Based on results, the researchers believe that activating that one gene may have caused a cascade of gene activations and inactivations throughout the immature egg, causing it to emulate the gene patterning of a sperm cell much more closely than the one manipulation could account for. With paternal imprinting in place, the team could then try again to produce embryos.


Even with the genetically modified eggs, producing a live, healthy mouse proved to be an immense task. Kono and his colleagues produced 457 fertilized eggs, using their modified ova. Of those, 371 survived to the blastocyst stage – far enough along to be implanted in a female mouse. From those 371 pregnancies came 10 live births, and from those ten live births – one mouse, who lived to adulthood and had babies of her own.

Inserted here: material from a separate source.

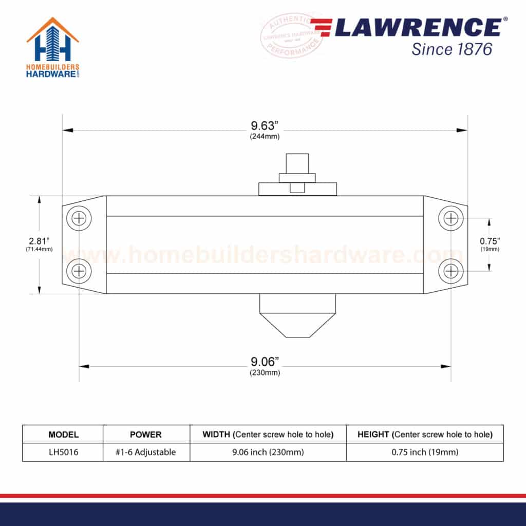 Door Closer, Medium/Heavy Duty Commercial, Lawrence Hardware LH5016

That mouse, Kaguya, is the first, and so far only mammal to be born by combining two eggs. After her debut in the April 2004 issue of Nature, the researchers announced that they would be attempting to create a baby pig via the same method, but nothing has been published as of yet. Given the difficulties of producing Kaguya, this hardly seems surprising. It would seem that we are slowly making progress on understanding the complex biology of reproduction. It would also seem that men are going to be a necessary part of the process for some time to come.